* Task directions:
The copy has to match the data exactly and leave out every picture.

* Data shown:
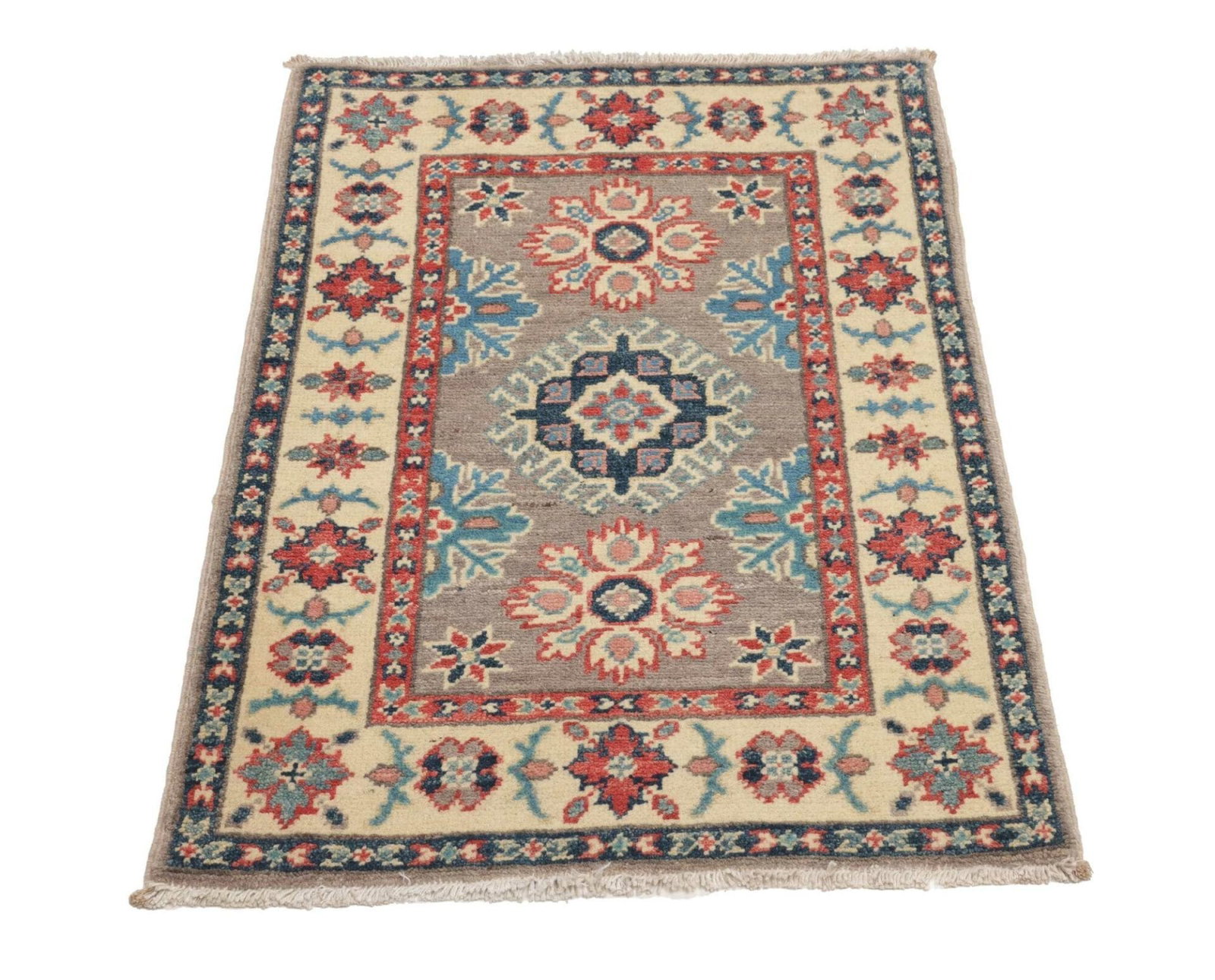 Kazak Teppich | Knotendichte: ca. 100.000 Knoten/m² | Material: 100% Schurwolle | Größe: 62 x 89 cm | Zustand: Handgeknüpft und in gutem Zustand | Herkunft: Pakistan | Muster: Geometrische Muster und Figuren
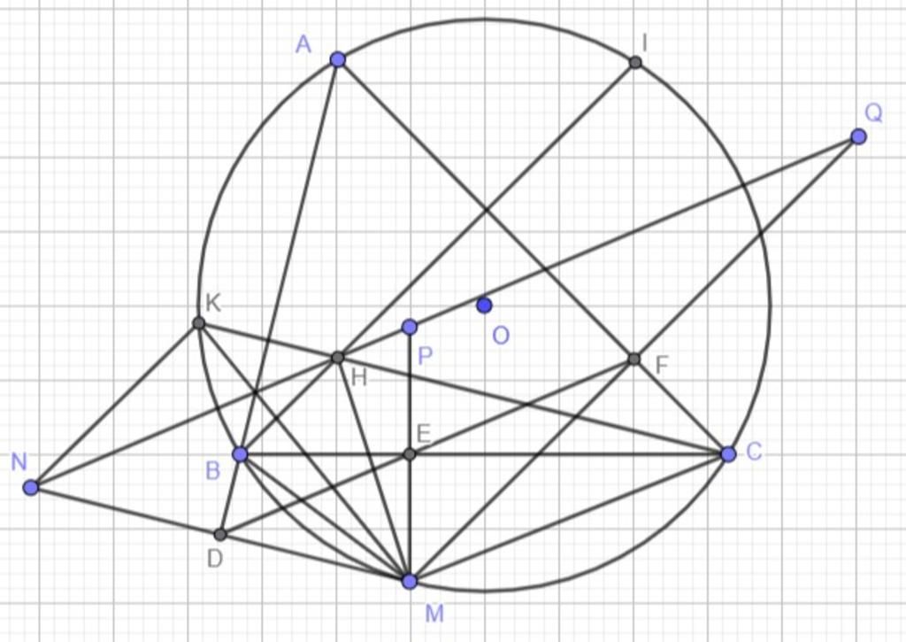 Theo tính chất phép đối xứng trục : `Delta AHQ = Delta AH_1 M , Delta AHN = Delta AH_2M`
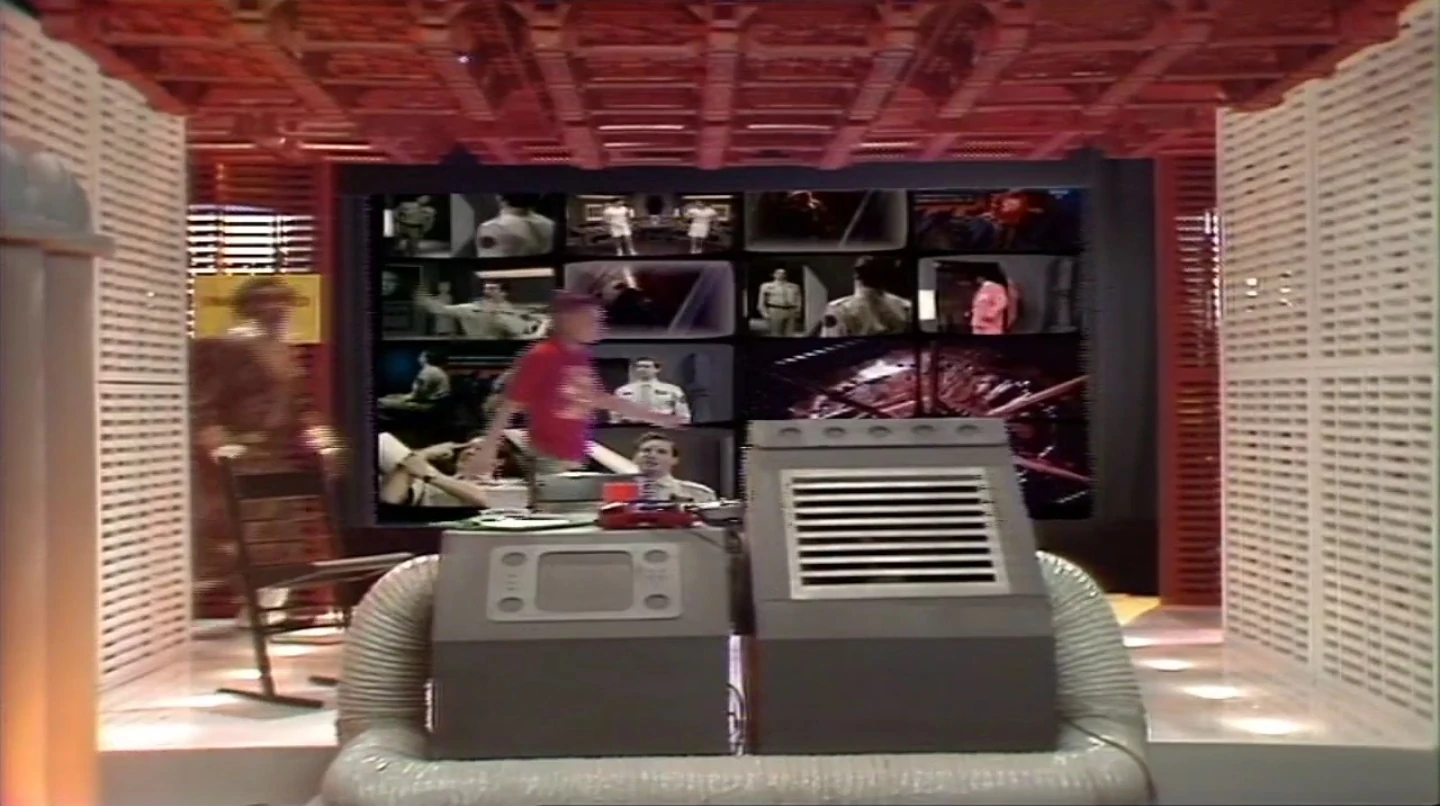 There was a bank of monitors along one wall; on these the thoughts, memories and dreams of the ship's current holographic crewmember were displayed visually. When Dave Lister and Cat entered this room, they saw important events of Rimmer's life (and death) playing out on the monitors, along with a dream of Rimmer's.
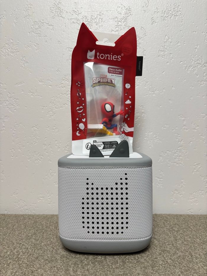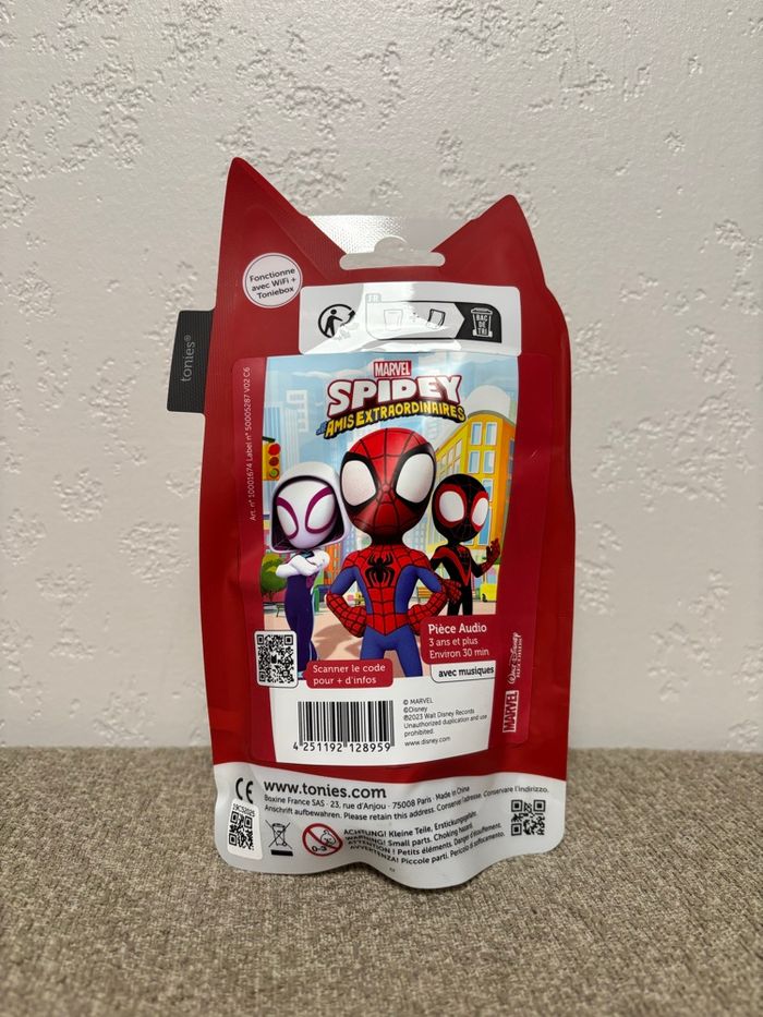 Vends la figurine Tonie “Spidey”, neuve. Peter, Gwen et Miles partent à la fête foraine avec Tante May pour profiter des manèges et déguster de délicieux corn dogs végétariens… jusqu’à ce qu’Electro décide de semer le chaos ! Les trois amis enfilent alors leurs costumes de Spidey, Ghost-Spider et Spin pour protéger tout le monde et stopper les plans d’Electro. Une aventure dynamique, pleine d’action, parfaite pour les petits fans de super-héros ! 📦 Compatible avec les deux versions de la Toniebox 🚚 Envoi rapide État : Neuf

* Written response:
 Kazak Teppich | Knotendichte: ca. 100.000 Knoten/m² | Material: 100% Schurwolle | Größe: 62 x 89 cm | Zustand: Handgeknüpft und in gutem Zustand | Herkunft: Pakistan | Muster: Geometrische Muster und Figuren
 Theo tính chất phép đối xứng trục : `Delta AHQ = Delta AH_1 M , Delta AHN = Delta AH_2M`
 There was a bank of monitors along one wall; on these the thoughts, memories and dreams of the ship's current holographic crewmember were displayed visually. When Dave Lister and Cat entered this room, they saw important events of Rimmer's life (and death) playing out on the monitors, along with a dream of Rimmer's.
 Vends la figurine Tonie “Spidey”, neuve. Peter, Gwen et Miles partent à la fête foraine avec Tante May pour profiter des manèges et déguster de délicieux corn dogs végétariens… jusqu’à ce qu’Electro décide de semer le chaos ! Les trois amis enfilent alors leurs costumes de Spidey, Ghost-Spider et Spin pour protéger tout le monde et stopper les plans d’Electro. Une aventure dynamique, pleine d’action, parfaite pour les petits fans de super-héros ! 📦 Compatible avec les deux versions de la Toniebox 🚚 Envoi rapide État : Neuf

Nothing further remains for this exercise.